後遺症

Rさんは幼い頃、公園の遊具から落ちて大怪我をした。
祖父母に連れられて行った公園で遊んでいるときに起きた事故だったようだが、Rさん自身にはそのときの記憶はない。聞いた話では三歳のときのことらしい。
ジャングルジムから落ちたRさんは頭を打ち、一時は命が危ぶまれるような重傷を負った。祖父母が目を離したほんの数秒の出来事だったらしい。
治療のおかげで一命は取り留めたものの、その後Rさんはずっと後遺症に悩まされた。
突然数秒間意識が途切れたり、急激な吐き気に襲われたりということはしょっちゅうだった。急に両手がしびれることも少なくなかった。
これらは物心ついた頃からずっとRさんを悩ませてきた。

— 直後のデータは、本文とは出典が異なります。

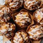 Store the muffins in an airtight container at room temperature for up to 3 days. For longer storage, freeze the muffins wrapped individually for up to 2 months. Reheat in the microwave for 20-30 seconds or until warm before serving. Add the glaze after reheating for best texture.
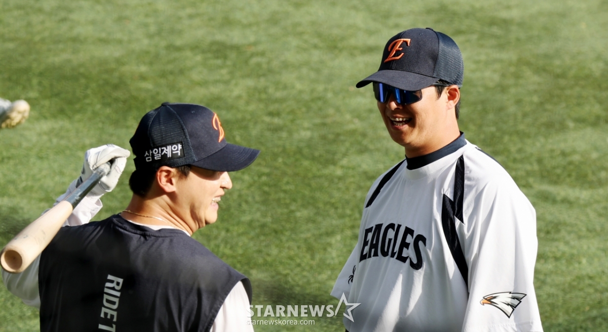 ハンファの柳賢振(リュ·ヒョンジン)が22日、蚕室(チャムシル)野球場で行われる2026KBOリーグのLGツインズとハンファ·イーグルスの試合を控え、打撃練習中のノ·シファンとバットについて話し合っている。 2026.04.22.

繰り返しこうした発作が起きるので人間にとって当たり前のことかと思っていたら、他の人はそんなことはなくて自分だけだというので随分理不尽な思いをした。なぜ自分だけこんな苦しいのだろう。
発作が起きるたび大人たちは口々に気の毒だと言い、怪我をしたときに一緒にいた祖父母は本当に済まなさそうな顔をした。

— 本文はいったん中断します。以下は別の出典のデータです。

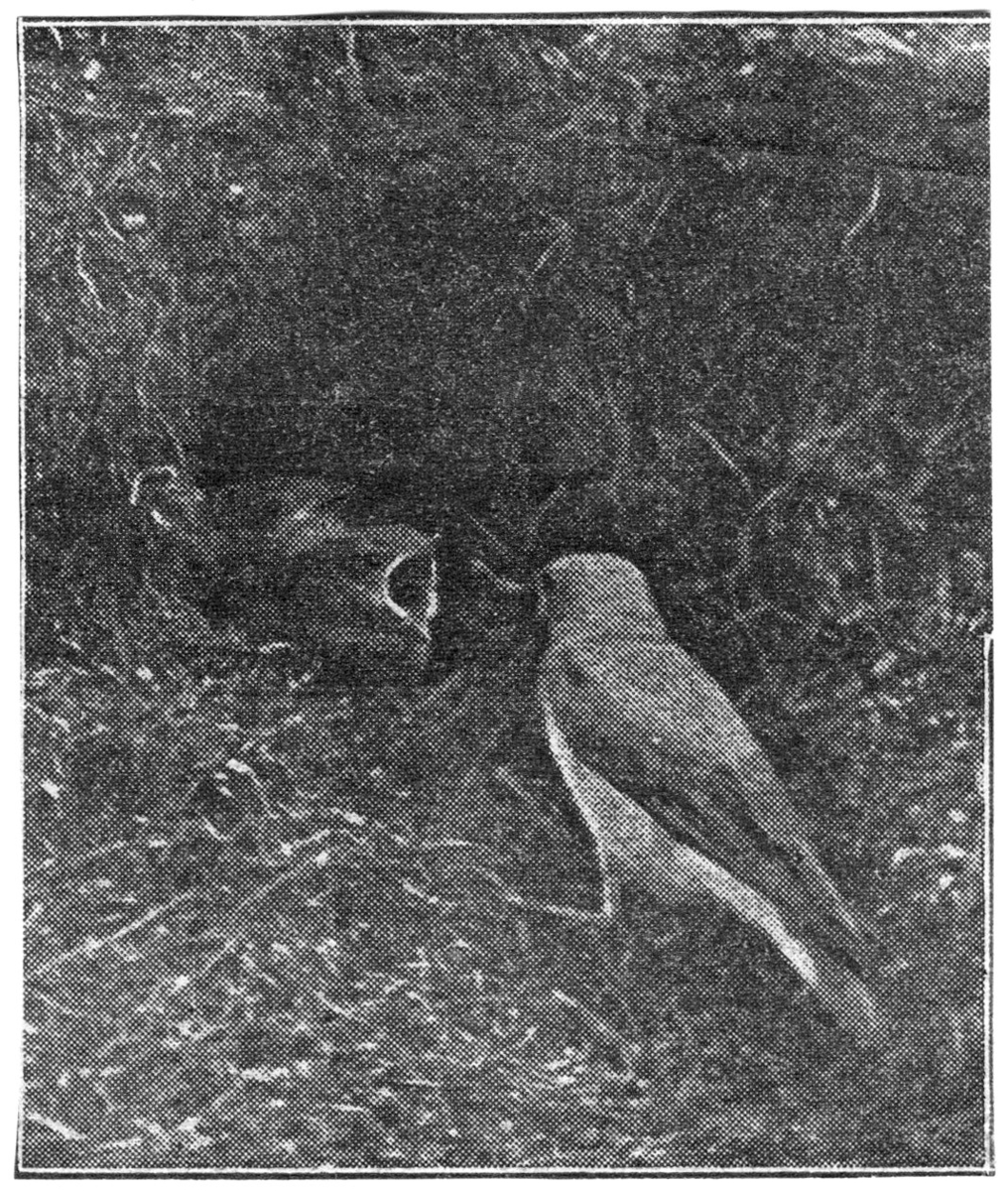 'Stenskvätta, hane med minst 2 ungar. Text på engelska under bilden i tidningsartikeln: En hane matar ungarna. :: Ur The Times Weekly Editition 1926. :: :: Ingår i serie med tidningsurklipp med fotonr. 1552-1563.'

Rさんが十五歳のとき、祖父が脳卒中で亡くなった。怪我のことで複雑な思いはあるものの、Rさんに対してずっと優しかった祖父にもう会えないと思うとやはり寂しかった。
四十九日の夜、Rさんは夢で祖父を見た。
祖父は生前と変わらない元気な様子で、Rさんに語りかけた。
「持っていくからな、もう心配ないからな」
もう少し何か会話があったような気もするが、夢の内容はそのくらいしか覚えていない。
その後、なぜか発作が一切起こらなくなった。何だかこの頃楽だなあと思ったら、一ヶ月経っても二ヶ月経っても発作がない。
そこで夢のことを思い出した。
――持っていくからな。
両親や祖母にこの話をすると、みな涙ぐんだ。おじいさんは怪我のことをずっと気に病んでいたからね、Rちゃんがもうつらい思いをしないようにあの世に持っていってくれたんだねえ。
現在Rさんは三十代半ばだが、あれ以来一度も発作は起きていないという。